By John Brown
I’m betting in the last few weeks you have probably determined that this year you’re going to eat better and exercise more. Or maybe you’ve decided that you’re going to improve your marriage relationship. Or finally get your finances in control. Or stop watching so much TV. Or one of a dozen other things. The bad news is that such resolutions frequently fail.
They fail, not because we can’t change, but because we rely on the wrong thing to make the change.
BJ Fogg is a research at Stanford and has spent his career studying persuasion and habit. He works with companies to help them create products that are habit-forming. Think about Facebook, Twitter, or Candy Crush, and the habits those products form. These and similar companies have implemented the principles of habit so well that their products have become, for some, something of an addiction.
Fogg has identified three things that must be present if we’re going to do something:
- The motivation to do the thing
- The ability to do the thing
- A trigger to remind us to do the thing
When those three things are present, we act. And we often do so without thinking. If one of those three elements is missing, we don’t act. The problem is that most of us try to change by focusing on motivation.
We tell ourselves that this time we’re really going to do it.
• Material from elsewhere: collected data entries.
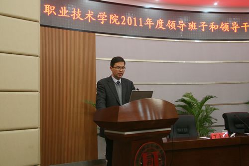 根据省委组织部、省教育工委、市委组织部的工作安排和要求,3月6日下午,我院于行政楼一楼多功能厅举行了学院领导班子和领导干部2011年度考核大会。温州市委组织部副部长杜建平,温州市委组织部干部三处副处长郑祥滩,温州市委组织部干部三处主任科员郑国胜等出席了会议并监督评议。学院领导班子成员,院在职副处及以上中层干部、院级及以上科研院所负责人、正高职称教职工,民主党派、无党派人士代表,院本届“两会”主席团成员,本届省市人大代表、政协委员参加了会议。会议由学院党委书记陈光天主持。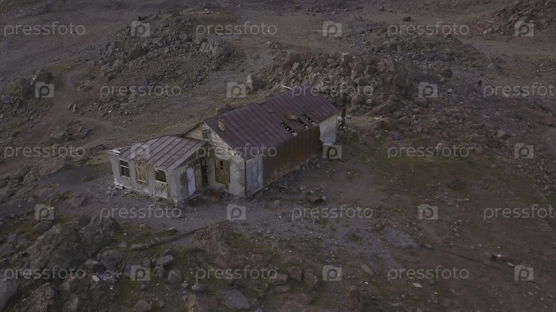 Вид с воздуха горной руины хижины с туристами в красивых швейцарских Альпах. Клип. Заброшенное старое убежище для путешественников в уединении высоких швейцарских Альп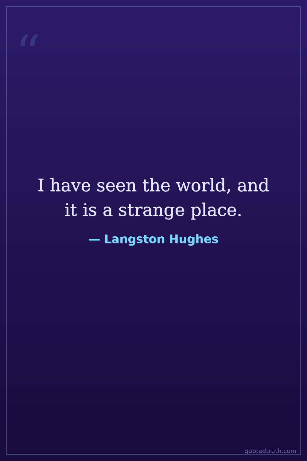 Strange & Unusual"I, too, sing America. I am the darker brother. They send me to eat in the kitchen When company comes, But I laugh, And eat well, And grow strong. Tomorrow, I'll be at the table When company comes. Nob…"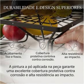 Fruteira Dupla Quadrada Organizador de Mesa Preto Fosco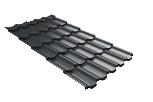 Металлочерепица квинта плюс Grand Line c 3D резом 0,5 PurPro Matt 275 RAL 7016 антрацитово-серый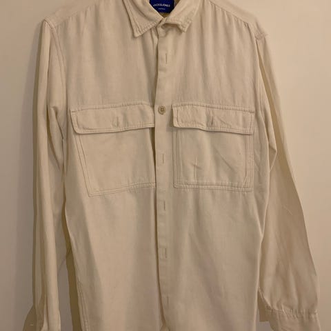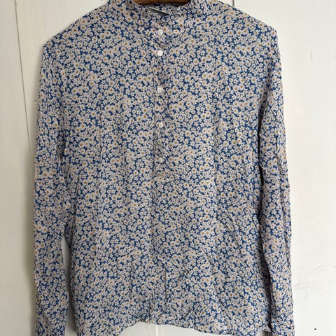 Pent brukt skjorte, kan ha noen normale bruksmerker. V-hals og knapping. 100% bomull. Den er merket med str. M, men er god i størrelsen og kan brukes som en L også.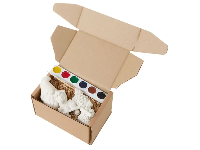 В набор входят три гипсовых фигурки — лошадка елочкой, гном подарочная коробка с пряничными человечками, а также акварельные краски и кисть.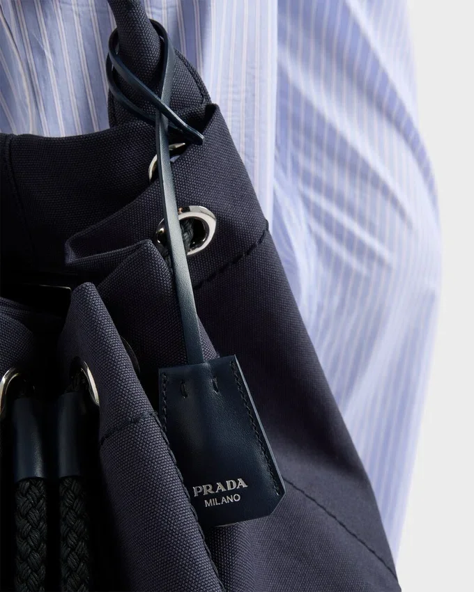 This Canvas Drawstring Duffle Bag with a Light Design and Sporty Character is Characterized by Its Adjustable Shoulder Strap and Enriched with Leather Details. The Tonal Embroidered Lettering Logo Gives the Accessory a Distinctive, Timeless Style.

We pump ourselves up. But motivation eventually drops—it always drops—and we suddenly look back seven months later realizing we failed to change.
There’s a much more effective way to grow habits and meet goals and change our lives. And Fogg has written a book that reveals the surprising, research-based secrets of how to do it. It’s called Tiny Habits: The Small Changes That Change Everything, and it’s available now.
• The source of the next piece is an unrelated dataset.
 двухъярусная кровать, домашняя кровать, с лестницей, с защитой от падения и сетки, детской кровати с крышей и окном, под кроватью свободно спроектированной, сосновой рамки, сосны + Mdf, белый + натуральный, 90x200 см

If you want to change, the key is to start small, start tiny, and grow a new habit. And you can learn how to do this by reading Fogg’s book.
I took Fogg’s course a couple of years ago and immediately found success in forming new habits that had previously defied me. If I can do it, so can you. Make this year the year you really do start to eat better, exercise more, find more fun in your marriage, get better grades, or whatever it is that you want to change. Give Fogg’s book a try. I think you’ll be happy you did.
In my last two columns I shared some of the surprising, research-based benefits of eating a whole-food plant-based diet. If you haven’t read or listened to The China Study by T. Colin Campbell, let me recommend it to you again. Campbell is one of the foremost researchers in the nation on nutrition. Listen to what he has to say and make up your own mind about the evidence.
For more research-based evidence, you might also want to subscribe to the daily emails at NutritionFacts.org. It’s a site run by Michael Greger, M.D. FACLM, who combs through all the research out there on nutrition so you and I don’t have to. He then presents the facts in short videos.
Recent videos have included:
• How to Get the Benefits of Aspirin Without the Risks
• Does Intermittent Fasting Increase Human Life Expectancy?
• How Much Vitamin C Should You Get Every Day?
• Are Weight-Loss Supplements Safe?
He and his team will sometimes go through dozens or hundreds of studies to find what the science really says. If you’re looking for what the research on nutrition has to say, I think you’ll enjoy his short daily videos.